(Problem description): Give back, word for word, the lines in the listing below from the one holding "Previsões do chá" down to the one holding "Da questo spazio", both ends included.

(Information shown):
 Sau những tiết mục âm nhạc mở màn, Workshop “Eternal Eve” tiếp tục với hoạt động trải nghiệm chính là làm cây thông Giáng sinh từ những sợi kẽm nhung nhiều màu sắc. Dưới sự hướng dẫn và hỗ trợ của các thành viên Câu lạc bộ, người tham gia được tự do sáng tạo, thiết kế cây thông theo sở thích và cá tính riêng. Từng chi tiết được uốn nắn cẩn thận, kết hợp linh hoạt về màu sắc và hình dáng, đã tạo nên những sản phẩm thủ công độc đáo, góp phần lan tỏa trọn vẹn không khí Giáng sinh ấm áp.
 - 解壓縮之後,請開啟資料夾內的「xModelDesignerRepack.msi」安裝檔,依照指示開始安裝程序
==
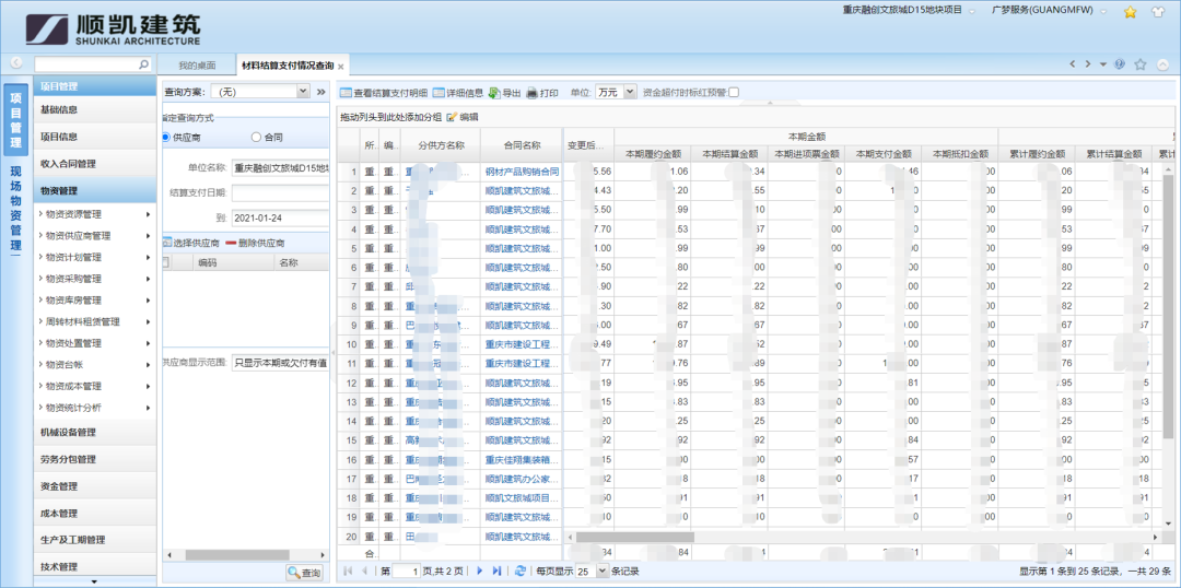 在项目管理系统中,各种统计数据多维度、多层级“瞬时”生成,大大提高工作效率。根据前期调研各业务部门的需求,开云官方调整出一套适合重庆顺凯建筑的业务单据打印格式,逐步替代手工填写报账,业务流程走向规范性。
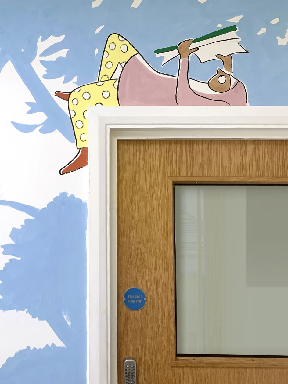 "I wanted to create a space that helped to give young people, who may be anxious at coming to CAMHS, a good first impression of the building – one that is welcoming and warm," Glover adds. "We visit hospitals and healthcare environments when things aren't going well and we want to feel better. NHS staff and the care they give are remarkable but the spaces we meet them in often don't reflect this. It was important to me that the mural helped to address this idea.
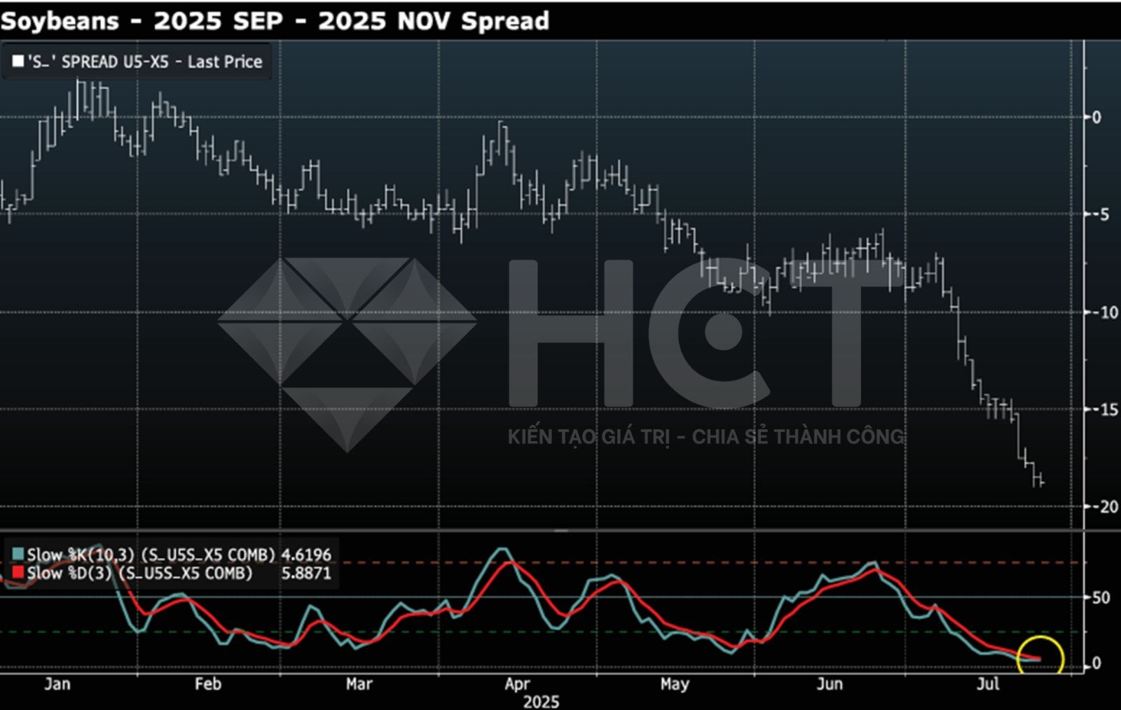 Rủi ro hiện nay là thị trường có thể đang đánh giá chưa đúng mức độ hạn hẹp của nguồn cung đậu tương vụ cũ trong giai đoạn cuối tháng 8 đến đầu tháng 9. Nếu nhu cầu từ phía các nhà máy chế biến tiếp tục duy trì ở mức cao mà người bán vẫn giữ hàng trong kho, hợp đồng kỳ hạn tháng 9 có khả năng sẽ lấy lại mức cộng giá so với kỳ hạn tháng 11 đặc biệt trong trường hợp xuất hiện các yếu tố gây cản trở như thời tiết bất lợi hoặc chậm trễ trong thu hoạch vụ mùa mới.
* * *
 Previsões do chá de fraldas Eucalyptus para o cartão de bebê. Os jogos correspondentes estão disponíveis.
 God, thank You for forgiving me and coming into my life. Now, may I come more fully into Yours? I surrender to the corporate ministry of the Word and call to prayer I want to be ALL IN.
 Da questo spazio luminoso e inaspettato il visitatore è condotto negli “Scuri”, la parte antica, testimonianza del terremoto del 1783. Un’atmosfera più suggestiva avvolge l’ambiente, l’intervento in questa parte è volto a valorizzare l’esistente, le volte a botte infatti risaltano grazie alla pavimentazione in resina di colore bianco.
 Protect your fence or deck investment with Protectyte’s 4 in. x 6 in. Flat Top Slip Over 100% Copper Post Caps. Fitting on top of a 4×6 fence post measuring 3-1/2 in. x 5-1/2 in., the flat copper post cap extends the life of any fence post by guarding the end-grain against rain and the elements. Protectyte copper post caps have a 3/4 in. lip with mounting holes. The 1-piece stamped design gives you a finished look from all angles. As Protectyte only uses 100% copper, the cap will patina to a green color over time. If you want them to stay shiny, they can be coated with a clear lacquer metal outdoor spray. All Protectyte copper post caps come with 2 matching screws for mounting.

(Problem solution):
 Previsões do chá de fraldas Eucalyptus para o cartão de bebê. Os jogos correspondentes estão disponíveis.
 God, thank You for forgiving me and coming into my life. Now, may I come more fully into Yours? I surrender to the corporate ministry of the Word and call to prayer I want to be ALL IN.
 Da questo spazio luminoso e inaspettato il visitatore è condotto negli “Scuri”, la parte antica, testimonianza del terremoto del 1783. Un’atmosfera più suggestiva avvolge l’ambiente, l’intervento in questa parte è volto a valorizzare l’esistente, le volte a botte infatti risaltano grazie alla pavimentazione in resina di colore bianco.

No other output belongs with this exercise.